This year, the cluster will undergo a major hardware and software upgrade, described below.
Important notice
We remind you that we do not perform backups of your data under any circumstances. Users are encouraged to regularly transfer their data from the cluster to their own storage resources and to delete from the cluster data that is no longer useful for calculations. This is valid in all circumstances and we decline any responsibility for your files on the cluster.
Software update complete
The software update was performed in March.
The OS has been upgraded from CentOS 7.9 to Rocky 9.5 on all machines.
Slurm has been upgraded from version 18.08.8 to 23.11.10.
The drivers and firmware have been updated.
After the software update, please note that:
- As drivers will be updated, codes compiled by the users may have to be re-compiled using the new modules.
- The software modules were updated as well. The most important modules are available (GNU, OpenMPI and Intel compilers, miniconda, Python, …). However, their version (hence their name) has changed. Before you submit any job, please make sure to adjust the module name you need to load. Some modules can only be loaded if you load their dependencies first. Example: to load HDF5, you first need to load gnu14/14.2.0 then hdf5/1.14.5. Click here if you need help on how to use the modules.

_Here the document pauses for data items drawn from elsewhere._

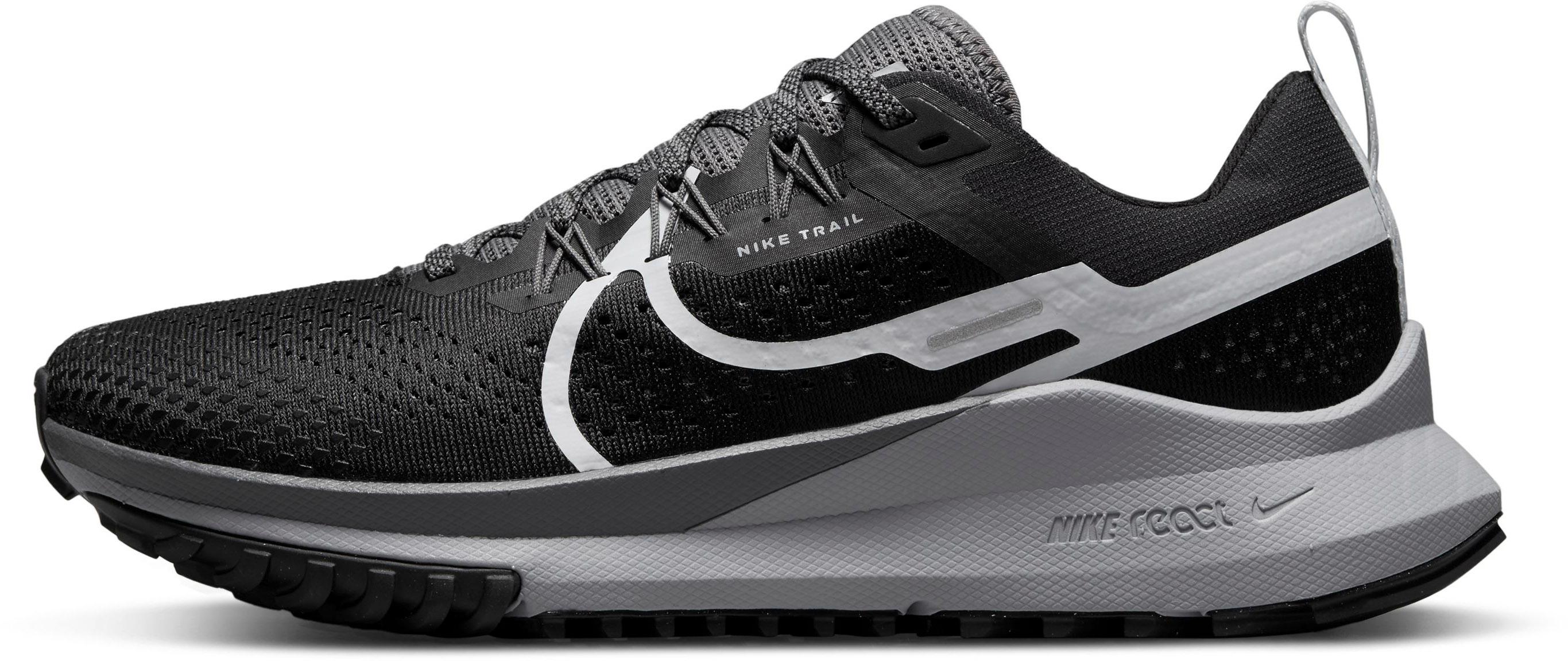 Traillaufschuhe für Damen mit Nike React-Schaumstoff in der Zwischensohle für eine reaktionsfreudige und stabile Dämpfung sowie geschmeidige Übergänge auf felsigem Terrain; aus technischem Mesh für Atmungsaktivität; strapazierfähige Überzüge im Zehenbereich; die Flywire-Technologie ist in ein Mittelfußband integriert und gewährleistet optimalen Halt; Schaft mit Zuglasche; Textilfutter; Gummi-Außensohle mit generativem Traktionsmuster für Grip auf felsigen Trails und geschmeidiges Laufen auf der Straße; Sprengung: 9 mm; für Normalpronierer geeignet; Swoosh-Logo.
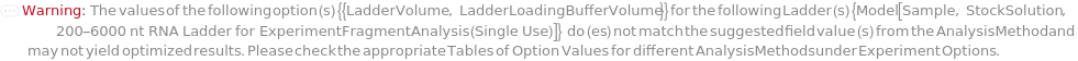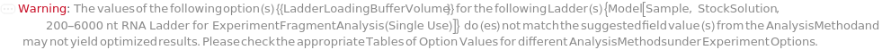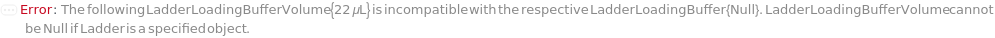 The volume of LadderLoadingBuffer added to the Ladder (after aliquoting, if applicable), to either add markers to or further dilute the Ladder prior to loading into the instrument. If PreparedPlate is True, this option is not applicable and is set to Null.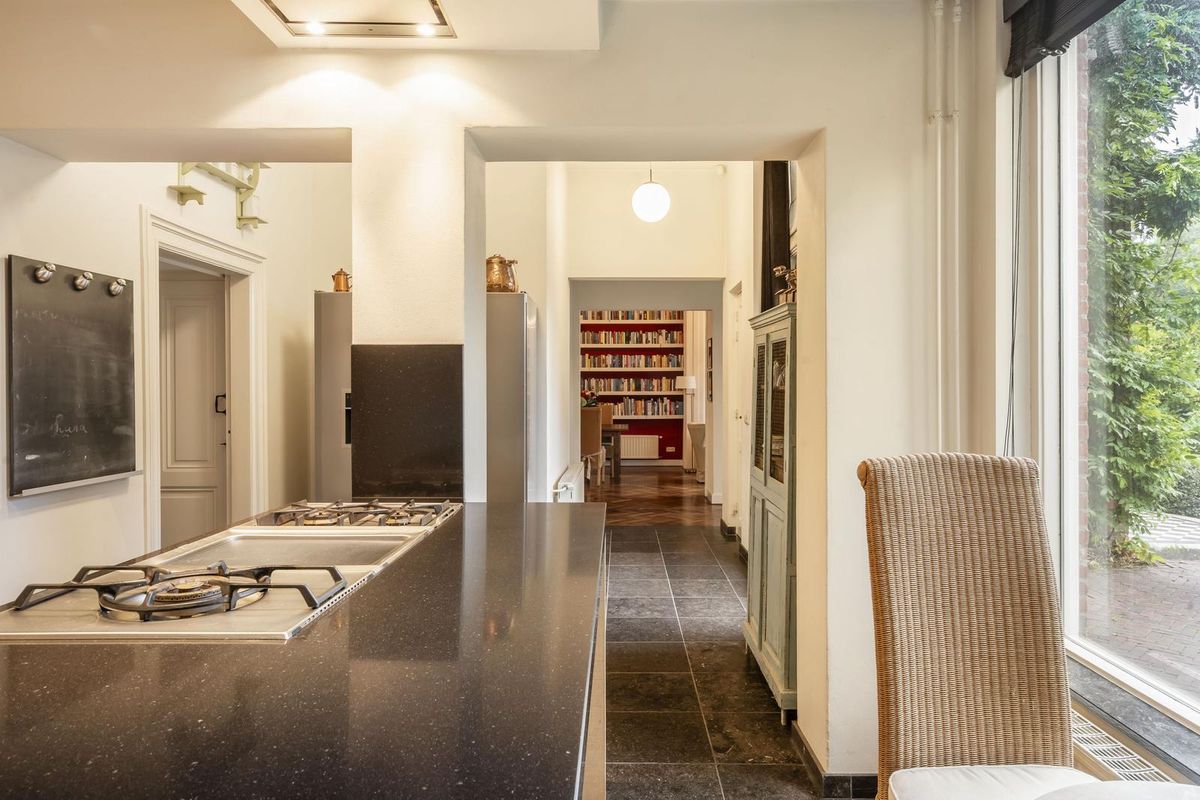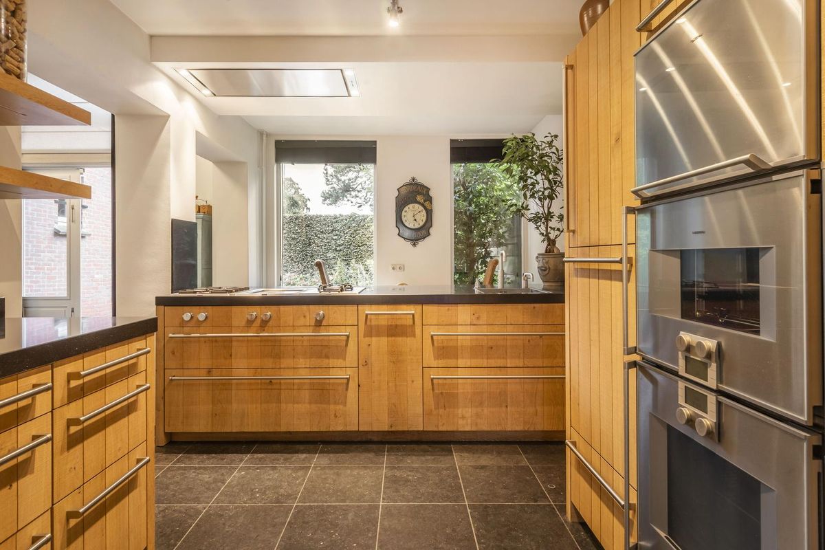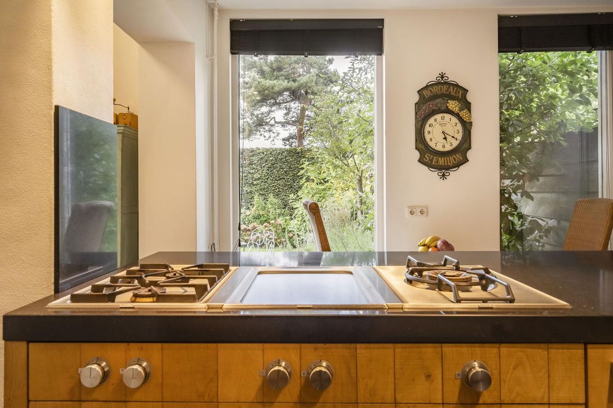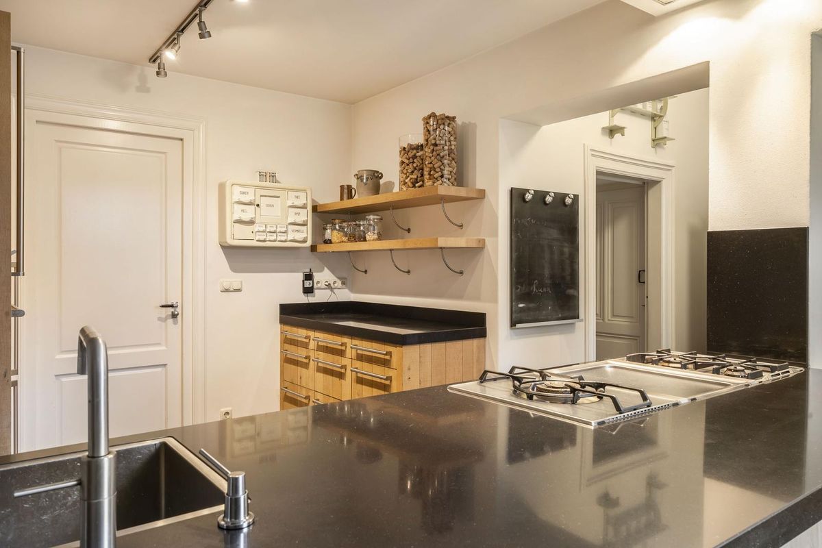 De woonkeuken met kookeiland en zitgedeelte is afgewerkt met een Belgisch hardstenen tegelvloer en stucwerk als wand- en plafondafwerking. De luxe woonkeuken is voorzien van een granieten aanrechtblad en eikenhouten frontjes, Gaggenau bakplaat, 2-pits gasfornuis en wokbrander, Gaggenau oven, stoomoven en magnetron, afzuigkap, vaatwasser op hoogte, Amerikaanse koelkast, Quooker en een gootsteen. Vanuit de keuken zijn de kelder (op stahoogte) en de werkkamer bereikbaar. Middels de openslaande tuindeuren bereikt u het terras waar u heerlijk kunt genieten van een wijntje in de privacy biedende achtertuin.

- The NFS (/home) now has storage limits (1 Tb per user). The NFS should not be used for computations (frequent read/write on files). This impacts the cluster performance. Please use your /workspace folder instead. The /workspace will still have no storage limits. Affected users (with too many files on the NFS) will be contacted in a separate e-mail.
- Load limits on login-hpc have been implemented to prevent users from running code directly on this machine and slowing it down.
Remaining operations schedule
This summer, the cluster will move from its current location at Inria Sophia Antipolis to the new machine room on the Valrose campus.
- July 4, 2025: Cluster shutdown. No more access to your data, no calculation possible.
- July 7-18, 2025: Moving the existing cluster, adding new hardware and reinstalling it. Total unavailability of the cluster.
- July 21 to August 1, 2025: Configuration of new hardware. Disruptions are also expected in access to existing facilities.
- August 1, 2025: Expected commissioning of the entire cluster.
New hardware in summer 2025
In July 2025, the following hardware will be added to the existing one:
35 PowerEdge R6625 machines for CPU computing, each equipped with:
- 2 AMD EPYC 9124 processors, 3 GHz with 16 cores (= 32 cores per machine)
- 384 GB RAM
3 PowerEdge R760XA machines for GPU computing, each equipped with:
- 4 NVIDIA H100 NVL cards, PCIe, 350 W-400 W, 94 GB
- 2 Intel Xeon Gold 5420+ 2 GHz processors with 28 cores (= 56 cores per machine)
- 512 GB RAM
The memory of the existing SMP machine will be increased to 1.5 TB.
The BeeGFS storage will be doubled to 480 TB.